"Concurrent rendering keeps your UI responsive" is one of those React lines that means nothing until you feel a laggy input turn smooth. So I built a lab that filters a genuinely heavy list three ways — and a live main-thread heartbeat that freezes to prove when the thread is blocked.
▶ Live demo: https://concurrent-lab.vercel.app/
Source (React 19): https://github.com/dev48v/concurrent-lab
Same filter, three schedulings
The list has ~1,200 deliberately-costly rows, so rendering it on every keystroke is real work.
blocking (useState) — the filter runs synchronously; rendering the heavy rows blocks the main thread, so the input stutters and the heartbeat dot stops moving (the demo shows the worst frame gap — I've seen 270ms+).

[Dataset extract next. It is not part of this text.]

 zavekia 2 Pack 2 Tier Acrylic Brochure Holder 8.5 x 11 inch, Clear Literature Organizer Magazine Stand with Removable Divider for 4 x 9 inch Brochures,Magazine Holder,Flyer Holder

useDeferredValue — the input binds to the live value; the list reads a deferred copy:
const [text, setText] = useState("");
const deferred = useDeferredValue(text); // lags behind, low priority
const list = useMemo(() => filter(deferred), [deferred]);
// input value={text} stays instant; while the list catches up, show it dimmed
useTransition — wrap the state update that triggers the heavy work:
const [isPending, startTransition] = useTransition();
const onChange = (v) => {
setText(v); // urgent: input updates now
startTransition(() => setQuery(v)); // non-urgent: list re-renders at low priority
};
With either, the input stays perfectly responsive and the heartbeat keeps ticking, while the list updates a beat later (with an isPending/"updating" badge and a dimmed old list).
When to use which
-
useDeferredValue— you already have the value (a prop, a piece of state) and want a lower-priority copy for the expensive part. No control over the setter needed. -
useTransition— you own the state update that causes the heavy work, and you want anisPendingflag to show a spinner. Also great for tab/route switches.
Both are React saying: this update is low-priority — keep the UI interactive and finish it when you can. And unlike debouncing, React can interrupt the in-progress render if the user types again, instead of just delaying it.